Das brutale Vorgehen syrischer Elitetruppen gegen die Bewohner der Stadt Daraa stößt offenbar innerhalb des Regimes und der Armee auf Kritik. Über 200 Funktionäre der Baath-Partei legten am Donnerstag in einem gemeinsamen Protestschreiben ihre Mitgliedschaft nieder. Auch in die Hafenstadt Latakia, eigentlich eine Hochburg der alawitischen Machtelite Syriens, rückten Panzer ein. Aus Daraa berichteten Aufständische, Offiziere und Wehrpflichtige hätten Schießbefehle verweigert und seien zu ihnen übergelaufen. Unterdessen riefen die Regimegegner über Facebook für Freitag zum "Tag des Zorns" auf mit Demonstrationen im ganzen Land. Man werde Daraa nicht im Stich lassen, erklärten die Aktivisten.

"Wir haben keine Angst"

Ein Armeesprecher bestritt, dass es bei der Truppe Meutereien gegeben habe. Ungeachtet dessen sind im Internet erste Videos aufgetaucht, die solche Vorfälle belegen könnten. Auf einem sind mehrere angeschossene Soldaten in blutigen Uniformen zu sehen, die mit schmerzverzerrten Gesichtern auf dem Boden liegen, während sie von zivilen Helfern versorgt werden. Sie sollen angeblich von Kameraden unter Feuer genommen worden sein, weil sie nicht auf ihre Landsleute schießen wollten. Auf einem anderen Video skandierten junge Leute aus Daraa "Wir haben keine Angst. Die Armee ist mit uns". Reuters zitierte einen ausländischen Diplomaten, wonach die größte Beerdigung bisher die von Soldaten gewesen sei, "die den Schießbefehl auf Demonstranten verweigert haben und auf der Stelle exekutiert wurden". Ein anderer Diplomat wusste von mindestens einem Vorfall, wo Soldaten Mitglieder der Geheimpolizei aktiv daran gehindert hätten, auf Demonstranten zu schießen.

Auch Al Jazeera zieht ab

Seit Beginn der Unruhen lässt Syrien keine ausländischen Journalisten mehr ins Land. Am Donnerstag kündigte auch Al Jazeera an, als letzter ausländischer Sender sein Büro in Damaskus zu schließen. Nach Angaben des Studioleiters hatten Regierungsschläger die Senderäume in den letzten drei Tagen ununterbrochen mit Eiern und Steinen beworfen sowie das Personal bedroht.

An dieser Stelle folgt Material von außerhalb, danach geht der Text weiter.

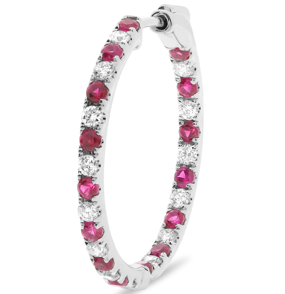 14KT WHITE GOLD HOOP HANGING EARRINGS. 3D CLASSIC INSIDE OUT DESIGN. ROUND DIAMONDS ARE F/G COLOR, VSSI CLARITY .45 CARATS. AAA RUBIES ARE .72 CARATS. MEASURES .75 INCHES WIDE. WRITTEN APPRAISAL AVAILABLE. COMES IN A PRESENTABLE GIFT BOX.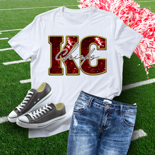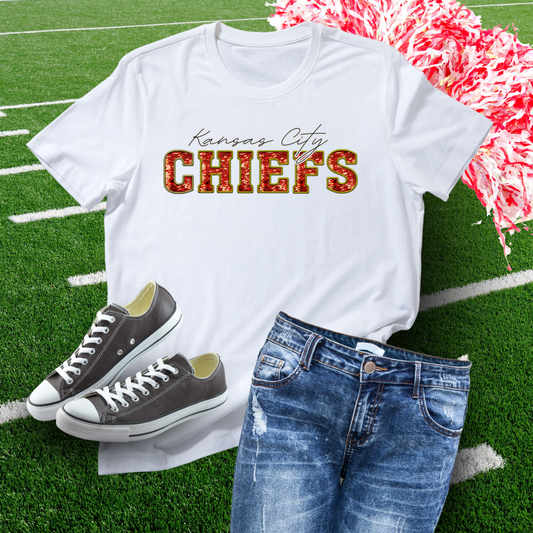 In My Chiefs Era Faux Glitter Embroidery Bleached TShirt

Seit seiner Machtübernahme im Juli 2000 hat sich Präsident Bashar al-Assad Zug um Zug mit Leuten seines Vertrauens umgeben, die entweder aus seiner Familie oder aus seiner Religionsgemeinschaft, den schiitischen Alawiten, stammen.

Mächtigster Mann nach dem umstrittenen Staatschef ist sein jüngerer Bruder Maher, der die Republikanischen Garden und die Vierte Division der Armee befehligt. Deren Einheiten, die normalerweise auf den Golanhöhen stationiert sind und die Zugänge nach Damaskus kontrollieren, führen den Kampfeinsatz gegen Daraa. Demonstranten empfingen die meist alawitischen Elitesoldaten mit den Rufen "Maher, du Feigling, schick deine Truppen auf den Golan". Der 43-Jährige studierte Maschinenbau und durchlief die Offizierslaufbahn bis zum General. Er gilt als brutal und hundertprozentig loyal. 2008 befehligte er die Niederschlagung einer Revolte im Gefängnis von Saidnaya nahe Damaskus. Ein Video zeigt ihn, wie er durch die Trümmer schreitet und mit seinem Mobiltelefon Aufnahmen der verstümmelten Körper politischer Häftlinge macht.